### [WORK REQUEST]
Omit all pictures, and print word for word only the lines from the one containing "O brinco, com" through the end of the data.

### [DATASET CONTENT]
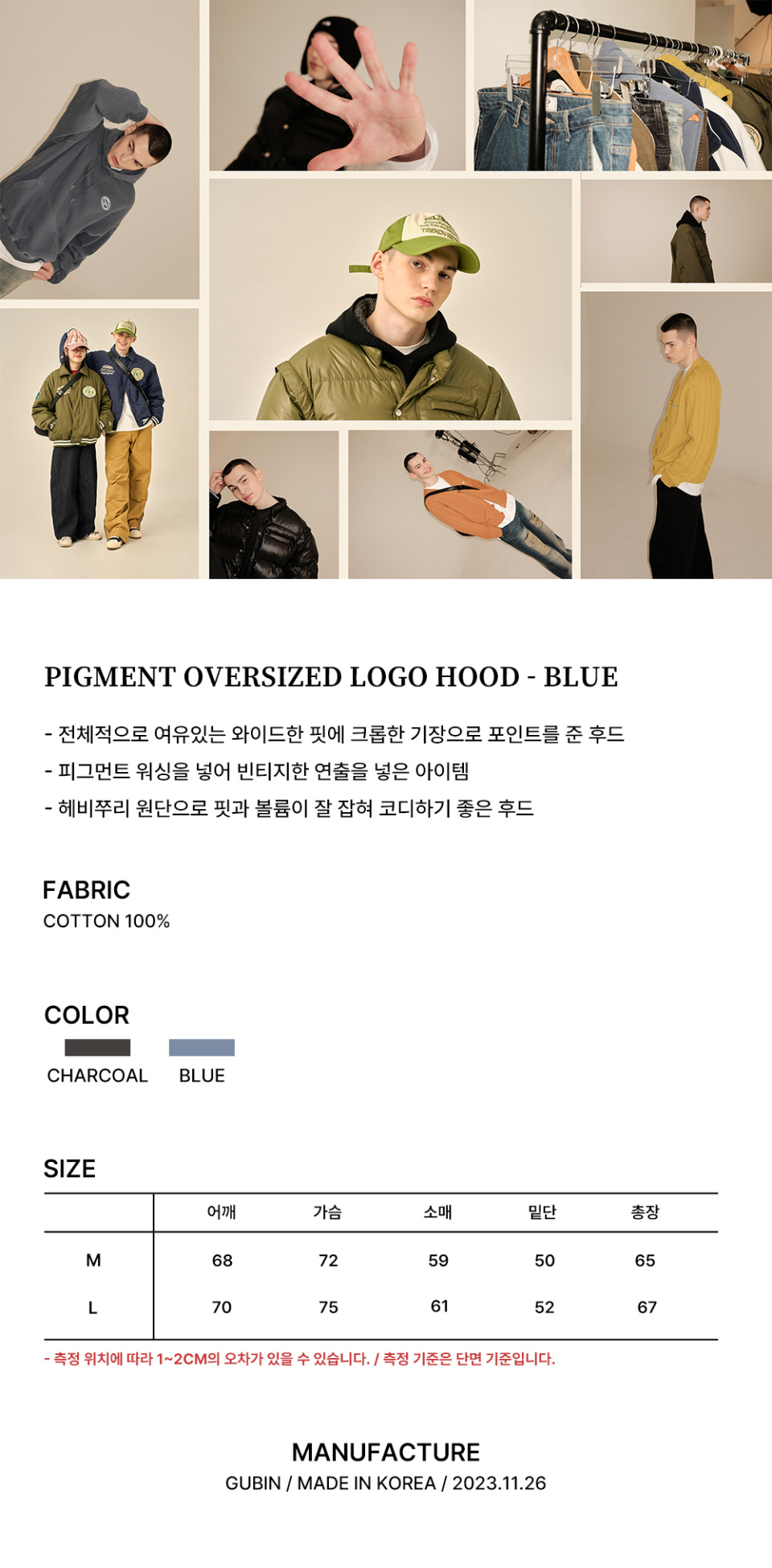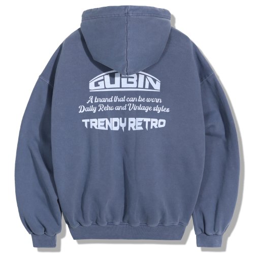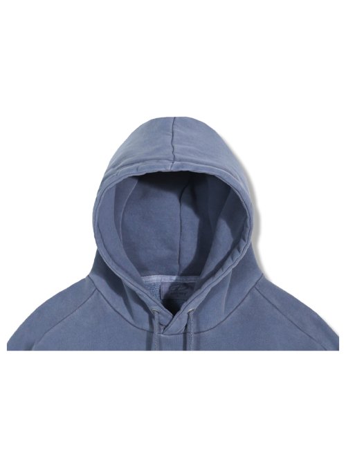 [기모] 피그먼트 오버사이즈 로고 후드 - 블루
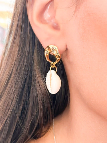 O brinco, com base orgânica e ouro na composição do banho e pingente de búzios naturais.
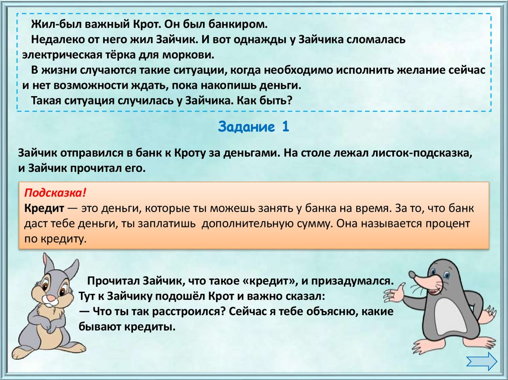 Крот предложил Зайцу подумать, какой кредит ему нужен.

### [SOLUTION]
 O brinco, com base orgânica e ouro na composição do banho e pingente de búzios naturais.
 Крот предложил Зайцу подумать, какой кредит ему нужен.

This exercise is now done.